Adossé contre un mur, je fume. Les volutes montent gracieusement vers le ciel nocturne. Encore une insomnie. J'ai l'habitude. Ma mère désapprouve, ainsi que quelques amis, mais leurs mises en garde ne m'atteignent pas. Ma santé en pâtira, mais peu importe. La cigarette me détend autant qu'elle me tient sous l'emprise d'un cercle vicieux.
L'avantage de mes insomnies à répétitions, c'est que j'ai le temps de bosser mes cours. Je me plonge dans mes études de sociologie, la réussite est importante pour moi. De plus cette science humaine me passionne. Parfois mes amis me traînent dans des soirées étudiantes, ça me plaît mais il faut aussi étudier. Bien sûr, c'est toujours très agréable de s'amuser entre amis ! Le reste de ma clope rejoint le cendrier alors que je retourne dans ma chambre.
L'heure tourne, le soleil se lèvera bientôt. Mon estomac réclame un petit déjeuner, que j'avale rapidement. La chambre dispose d'une minuscule cuisine aménagée. L'endroit me convient assez bien, l'espace manque parfois mais ce n'est pas grave. J'y suis toujours mieux que chez moi.
Triste à dire mais véridique. Enfin, les lamentations ne servent à rien. Autant travailler.
Je m'installe devant mon petit bureau et ouvre un ouvrage phare de la discipline. Rester au top compte plus que tout pour s'en sortir, se libérer. Mes amis n'ont pas la même assiduité, ni un vécu comparable. Alors je souris quand ils me charrient, pour faire genre. Parce qu'au fond ma vie ici n'est qu'un jeu. Mon existence se résume à une mascarade costumée de faux airs et de mensonges. Je pourrais devenir acteur, ou clown. Et voilà que ma fierté me somme de cesser de pleurnicher. Je me plonge dans la lecture pour chasser ce début de colère.
Les heures passent, le temps d'aller en cours approche. Je me prépare puis sors prendre l'air. J'aime marcher sur le campus quand il fait bon au petit jour. Pour l'instant, il n'y a que moi dans l'allée bordée de platanes. Mon fidèle appareil photo m'accompagne,et la fin de l'aube sera notre sujet.
Soudain, je remarque le soleil pâle entre deux arbres. Le cliché parfait. Il faut absolument l'immortaliser car la photographie est la capture d'un regard. Et c'est là toute la beauté d'une image. Le photographe transforme son regard en un souvenir. En montrant son travail, il n'est pas seulement en quête de reconnaissance, il livre une partie de son âme, de sa vision des choses. Pour cette raison, les personnes de ce métier ont mon admiration. Je me suis lancé dans leurs traces, suit leur sillage, marche dans leurs pas. Cependant, le but n'est pas de rester dans leur ombre pour toujours. Peut-être que quelqu'un pourra voir mes photos un jour, mais elle me sera alors très chère, au plus près de ma confiance. Mais ce n'est pas prêt d'arriver.
L'instant d'après, mon attention se focalise sur un oiseau qui picore. Son plumage marron se distingue aisément de l'herbe bien verte malgré l'hiver. Heureusement, il ne me remarque pas, je m'agenouille à quelques mètres et calibre le champ. Lorsque l'image souhaitée apparaît, je la capture. Un regard de plus figé dans l'éternité.
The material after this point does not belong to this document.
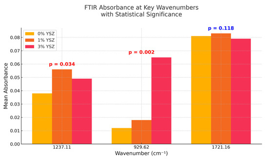 Peak absorbance values were extracted at the most relevant wavenumbers: 1721.16 cm−1 (C=O stretch), 1237.11 cm−1 (C–O stretch), and 929.62 cm−1 (Zr–O vibration). Three replicates for each experimental condition (0%, 1%, and 3% YSZ) were measured, and the mean ± standard deviation (SD) was calculated for each group.

Après plusieurs prises, je décide d'arrêter là pour examiner le résultat. Les images numérisées défilent.
- Pas mal, pas mal...
Mon travail est satisfaisant, je n'en ai supprimé que très peu . Mon appareil désormais éteint, je sillonne l'allée de pierre blanche en direction de l'amphithéâtre. C'est alors que Max entre dans mon champ de vision. Mon ami mesure deux mètres, a une tignasse blonde et brune, des yeux changeants et vêtu de son perpétuel costume. Il dit que ça fait craquer les filles et que ça donne une bonne impression aux profs. Pour ma part, je ne suis pas toujours tiré à quatre épingles.
- Hey Max , ça va ?
- Nickel mon gars, répond-t-il en frappant son poing au mien.
Même âgés de vingt-et-un ans, nous nous salons toujours comme des ados. Au fond, nous ne sommes pas si loin de cette période déplaisante. Peu importe l'opinion d'autrui.
- Alors, tu t'es promené en prenant des photos ?
- On ne change pas les bonnes habitudes.
Nous rions de manière complice. J'ai rencontré Max en première année et je l'apprécie vraiment. C'est un ami fidèle, proche, mais qui ne connaît pas ma vie privée. Ou alors seulement quelques détails futiles. Je ne tiens pas à passer pour le mec au lourd passé, bien que ce soit le cas.